PHÈDRE

ou

DE LA BEAUTÉ DES ÂMES de PLATON

[234] Mais peut-être convient-il de favoriser, non ceux qui te sollicitent ardemment, mais ceux qui pourront le mieux te témoigner de la reconnaissance ; non pas ceux qui aiment seulement, mais ceux qui sont dignes de ta condescendance ; non point ceux qui veulent jouir du printemps de ta vie, mais ceux qui dans ta vieillesse te feront part de leurs biens ; non ceux qui se vanteront

partout de leurs succès, mais ceux qui par pudeur s'en tairont devant tous ; non ceux qui durant quelques jours se montreront empressés, mais ceux dont l'amitié ne changera jamais tout au cours de leur vie ; non ceux qui, le désir apaisé, chercheront un prétexte de haine, mais ceux qui, une fois ton printemps disparu, te montreront alors leur réelle valeur. Souviens-toi donc de mes paroles, et songe que les amants s'entendent par leurs amis reprocher comme une mauvaise action leur sollicitude, tandis que jamais ceux qui ne sont pas épris n'ont encouru le blâme de leurs proches pour avoir par amour lésé leurs intérêts. " " Peut-être me demanderas-tu si je te conseille d'accorder tes faveurs à tous ceux qui ne sont pas des amants ? Pour moi, je présume qu'aucun amoureux ne saurait t'engager à garder envers tous les amants, une pareille disposition d'esprit. Pour qui réfléchit, en effet, de telles complaisances [ 234c ] ne seraient pas dignes du même attrait ; et si tu voulais t'en cacher des autres, tu ne le pourrais pas aussi facilement. Or, il faut que nos liaisons, loin de nous porter préjudice, nous soient utiles à tous deux. Je crois avoir suffisamment parlé. Mais si tu désires plus ample explication et si tu crois que j'ai commis quelque omission, interroge-moi. "

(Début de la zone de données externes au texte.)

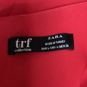 Zara TRF Red Short Cap Sleeve V Neck Silver Zipper Wide Swing Mini Dress Size L

Que te semble de ce discours, Socrate ? N'est-il pas merveilleux à tous les égards, et spécialement par l'heureux choix des mots ?

SOCRATE

Divin même, ami, au point que j'en suis dans la stupéfaction ! Mais c'est à cause de toi, Phèdre, que je suis ainsi impressionné. Je te considérais, et tu me semblais radieux en lisant ce discours. Et, persuadé que mieux que moi tu entends tel sujet, je te suivais ; et, tout en te suivant, je me suis laissé gagner par le transport qui se voyait sur ton divin visage.

PHÈDRE

Allons, veux-tu donc ainsi t'amuser ?

SOCRATE

Te semble-t-il que je m'amuse et que je ne sois point sérieux ?

PHÈDRE

Pas du tout, Socrate. Mais, au nom de Zeus protecteur de l'amitié, dis-moi sincèrement : Penses-tu qu'il y ait en Grèce un autre homme qui puisse, avec plus de grandeur et avec plus d'abondance, traiter un tel sujet

SOCRATE

Quoi donc ? Faut-il encore que je loue avec toi l'auteur de ce discours d'avoir dit ce qu'il fallait qu'il dise, et n'est-ce point assez de reconnaître que ses paroles sont claires et précises, et que chaque expression est exactement bien tournée ? S'il le faut, par amitié pour toi, je te concéderai ce mérite de forme, puisque le fond du discours, étant donné ma nullité, m'est demeuré caché.